Unfortunately not the kind of funk I'm talking about. :(


Fortunately/unfortunately I've suddenly got a lot more time to write.

You see, it's 9:30 am on Monday morning and I'm not at work. I got "laid off".

The whys and wherefores of my sudden state of unemployment aren't important. Financially my family will be fine for a bit and as a Christian I believe (both through faith and experience) that God provides and will use this as an opportunity for me to do something else. The latter though is what is freaking me out.

I worked at my job for almost 7 years. I have no idea what to do now, where to go or even what I'm good at. The lay off has thrown me into some practical and emotional turmoil.

Practically, let me just say that it's a really crappy idea to only have your resume on your work computer.

Very bad idea. Wahhhhh!!
That's actually all I have for the practical side of things, besides the obvious bills to pay, mouths to feed shtick that I figure nobody needs me to spell out for them.

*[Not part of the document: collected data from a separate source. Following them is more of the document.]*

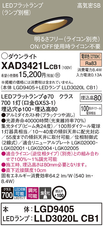 Panasonic ¥À¥¦¥ó¥é¥¤¥È XAD3421LCB1
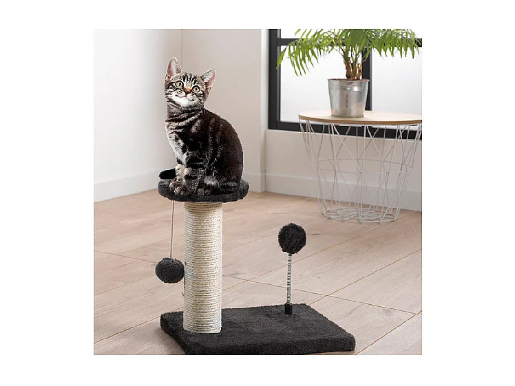 Arbre à Chat avec Jouets "1 Plateforme" 28cm Gris
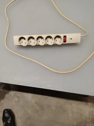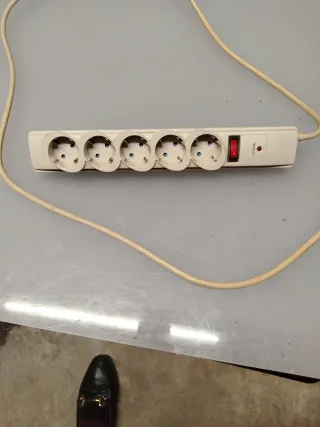 Regleta de enchufes con cinco tomas y un interruptor general para controlar la alimentación de todos los dispositivos conectados. - Cinco enchufes universales. - Interruptor de encendido/apagado. - Cable de 1,40 metros.
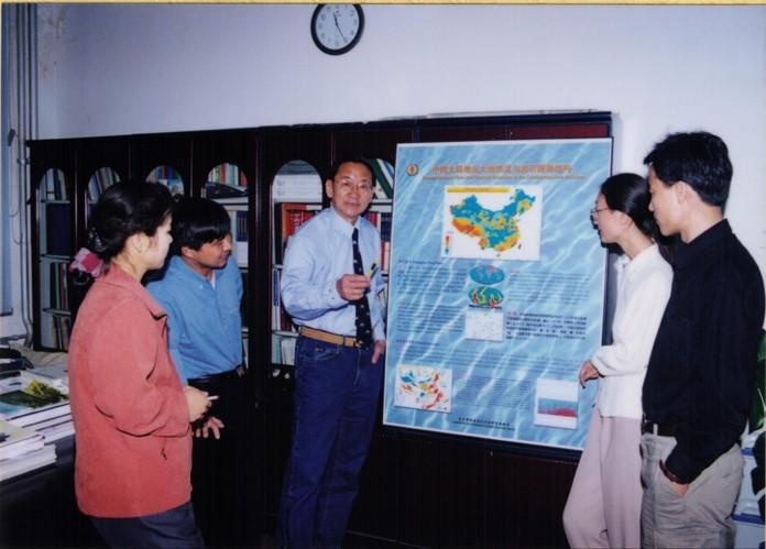 1995年向学生讲解中国大陆地区大地热流分布及岩石圈热结构
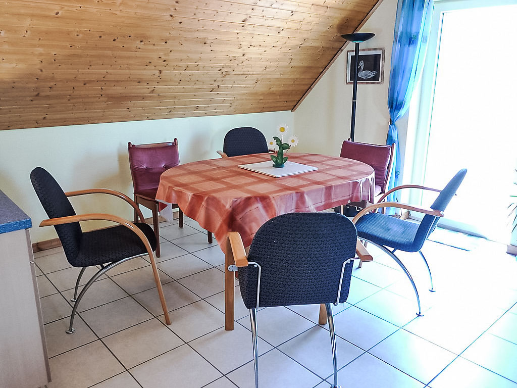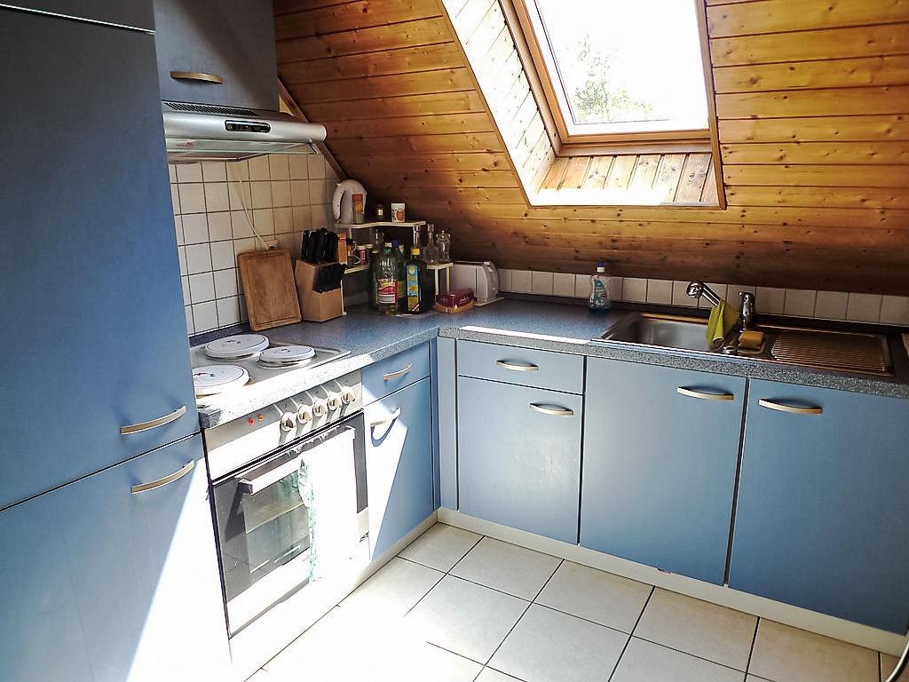 4-Zimmer-Wohnung 120 m2 auf 2 Stockwerken, im Obergeschoss. Gemütlich eingerichtet: Wohn-/Esszimmer mit Sat-TV und Stereoanlage. 1 Doppelzimmer. Offene Küche (4 Kochplatten, Backofen, Geschirrspüler, Mikrowelle, elektrische Kaffeemaschine). Dusche/WC. Dachgeschoss: 2 abgeschrägte Zimmer, jedes Zimmer mit 2 Betten. Terrasse 25 m2. Terrassenmöbel, Elektrogrill (mobil). Schöne Sicht auf die Landschaft. Zur Verfügung: Waschmaschine, Wäschetrockner, Telefon. Internet (Wireless LAN, gratis). Bitte beachten: Nichtraucher-Unterkunft. Maximal 2 Haustiere/Hunde erlaubt. Die Terrasse ist eine Dachterrasse zur Alleinbenutzung. Hollywoodschaukel auf der Terrasse.
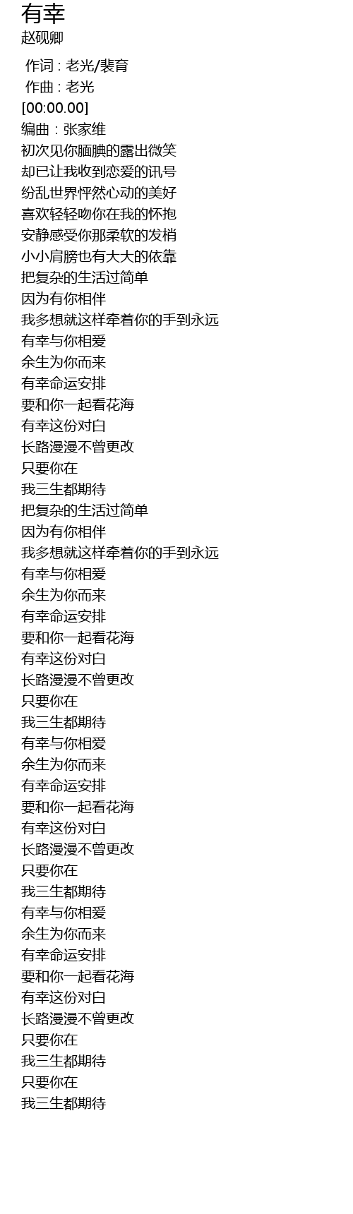 | [02:33.319] | 有幸与你相爱 |
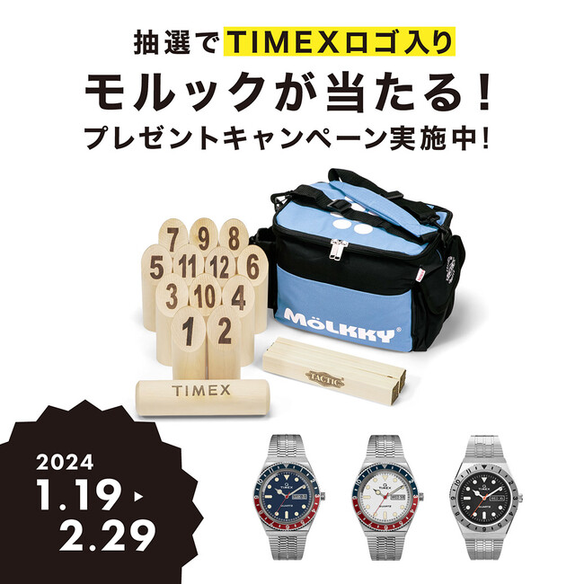米国の腕時計ブランド「TIMEX /タイメックス」は対象商品ご購入でTIMEXロゴ入りモルック(非売品)が当たる!抽選キャンペーンを1月19日(金)より開始いたします。
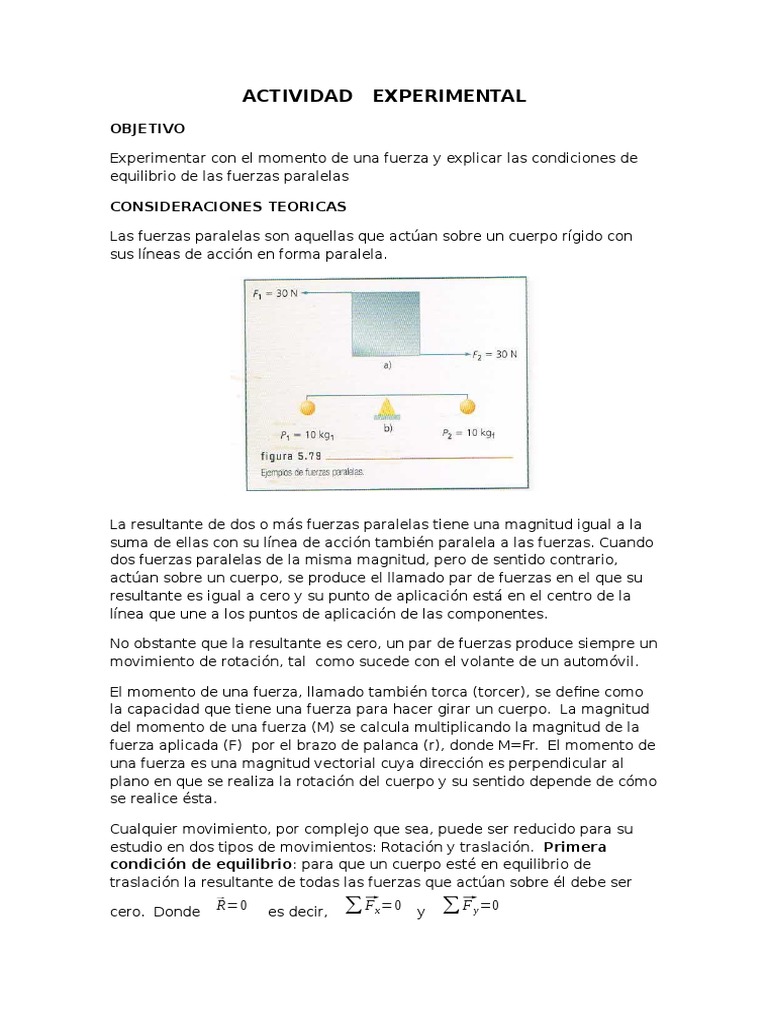 Experimentar con el momento de una fuerza y explicar las condiciones de

Emotionally, I have lots going on and most of it's crappy.
I feel totally lost.
I've never been laid off before and it's messing with my self confidence. 
Skills I was sure of  2 weeks ago, I feel inept at. Talents and abilities I took pride in seem like nothing. How am I supposed to look for a new job, when I, apparently, wasn't skilled enough to keep a job I'd been doing for almost 7 years? Dude! It's freaking me out.

I'm working really hard to try and be positive, have faith and believe in myself, but right now I feel like I'm at a fork in the road with no map or pie. I think being at a fork in the road should automatically garner me some pie.



Friends and family, even former co-workers, are being wonderfully supportive and have been showering me with encouragement and job suggestions, but inevitably I end up here, on my couch alone, completely discombobulated and worried about my family and future.

This isn't to say good things haven't happened in the last two weeks. I mean, I've won or received half a dozen new books to read for free (which is awesome), I got caught up to season 5 of Supernatural and I've had the opportunity to volunteer my time to some very worthy causes that I otherwise would've been too busy for. I also got caught up on laundry, have started to enjoy cooking for my family again and have 2 more hours a day to spend with the coolest kid ever.



Still...the Pollyanna in me is getting worn out. 
I'm frustrated, angry and panicky. I'm unsure of myself and working double time to keep a stiff upper lip. Plus, the jobs here suck. My first day of looking and the 3 best looking jobs were Ballet Teacher, Carnival Rides Operator and Mushroom Picker.

Not exactly what I had in mind.

Anyway,I'm trying to treat this as a new adventure.
I'll try to write more and I'll even make sure it's not all depressing, emo stuff. Just for you.